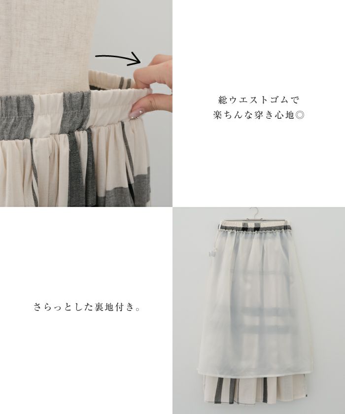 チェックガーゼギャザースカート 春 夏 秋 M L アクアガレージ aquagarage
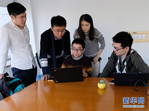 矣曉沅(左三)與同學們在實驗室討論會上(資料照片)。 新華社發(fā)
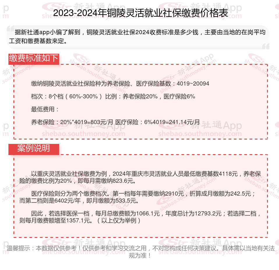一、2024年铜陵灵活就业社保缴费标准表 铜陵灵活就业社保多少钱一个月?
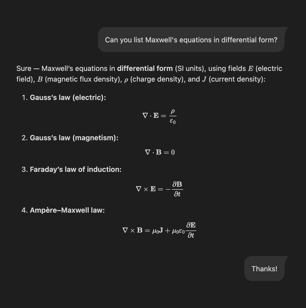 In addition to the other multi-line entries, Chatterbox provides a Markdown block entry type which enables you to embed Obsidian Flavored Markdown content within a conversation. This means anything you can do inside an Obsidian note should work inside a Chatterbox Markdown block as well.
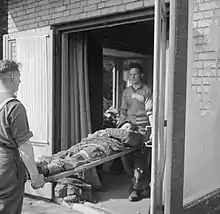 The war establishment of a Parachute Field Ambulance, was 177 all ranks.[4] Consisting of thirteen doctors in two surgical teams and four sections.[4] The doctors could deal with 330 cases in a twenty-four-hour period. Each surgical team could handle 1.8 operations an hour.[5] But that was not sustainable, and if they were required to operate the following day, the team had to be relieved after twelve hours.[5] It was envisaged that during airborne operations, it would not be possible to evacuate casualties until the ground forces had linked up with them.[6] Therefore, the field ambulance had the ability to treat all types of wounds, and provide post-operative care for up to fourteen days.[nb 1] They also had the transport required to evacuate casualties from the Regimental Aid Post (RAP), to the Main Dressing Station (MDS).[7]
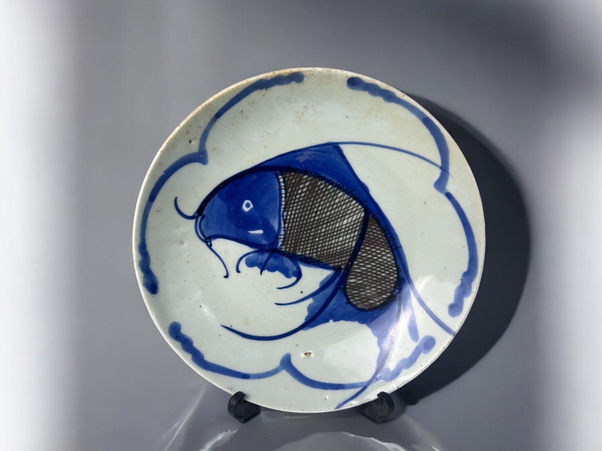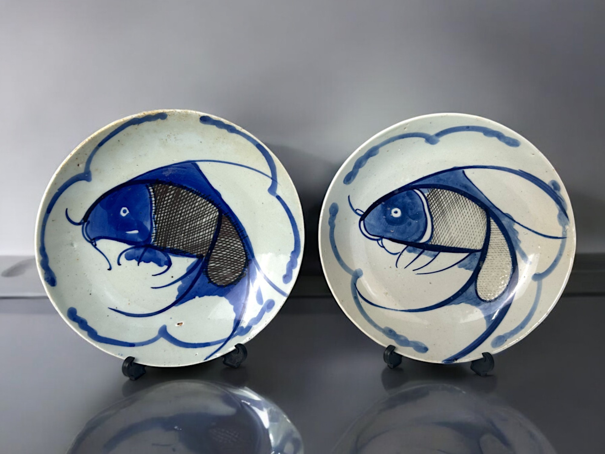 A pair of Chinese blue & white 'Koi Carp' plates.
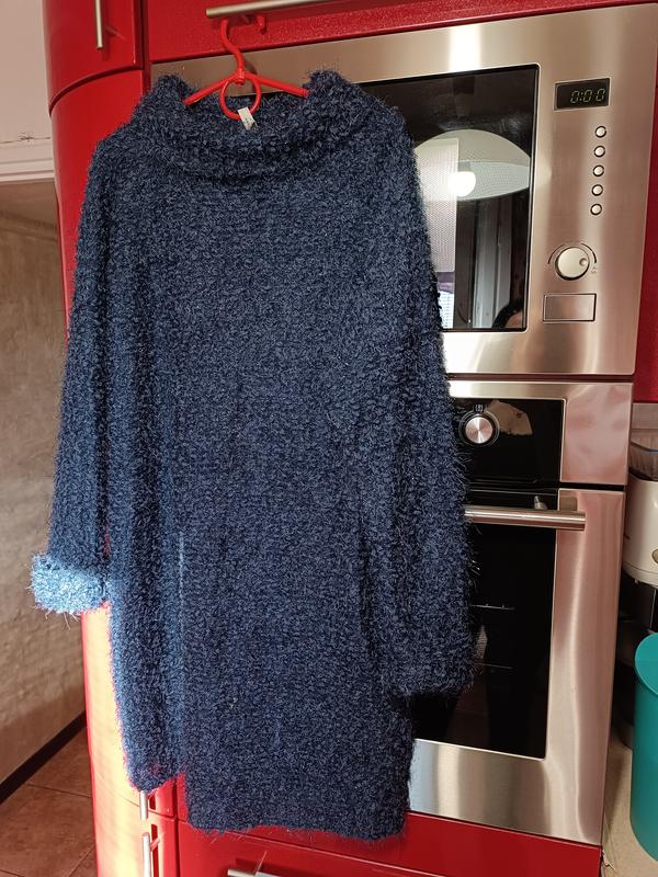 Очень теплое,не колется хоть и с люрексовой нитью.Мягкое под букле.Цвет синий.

══════

● **Task brief**
After removing the pictures, set down every record above exactly as it stands.

● **Written solution**
 チェックガーゼギャザースカート 春 夏 秋 M L アクアガレージ aquagarage
 矣曉沅(左三)與同學們在實驗室討論會上(資料照片)。 新華社發(fā)
一、2024年铜陵灵活就业社保缴费标准表 铜陵灵活就业社保多少钱一个月?
 In addition to the other multi-line entries, Chatterbox provides a Markdown block entry type which enables you to embed Obsidian Flavored Markdown content within a conversation. This means anything you can do inside an Obsidian note should work inside a Chatterbox Markdown block as well.
 The war establishment of a Parachute Field Ambulance, was 177 all ranks.[4] Consisting of thirteen doctors in two surgical teams and four sections.[4] The doctors could deal with 330 cases in a twenty-four-hour period. Each surgical team could handle 1.8 operations an hour.[5] But that was not sustainable, and if they were required to operate the following day, the team had to be relieved after twelve hours.[5] It was envisaged that during airborne operations, it would not be possible to evacuate casualties until the ground forces had linked up with them.[6] Therefore, the field ambulance had the ability to treat all types of wounds, and provide post-operative care for up to fourteen days.[nb 1] They also had the transport required to evacuate casualties from the Regimental Aid Post (RAP), to the Main Dressing Station (MDS).[7]
 A pair of Chinese blue & white 'Koi Carp' plates.
 Очень теплое,не колется хоть и с люрексовой нитью.Мягкое под букле.Цвет синий.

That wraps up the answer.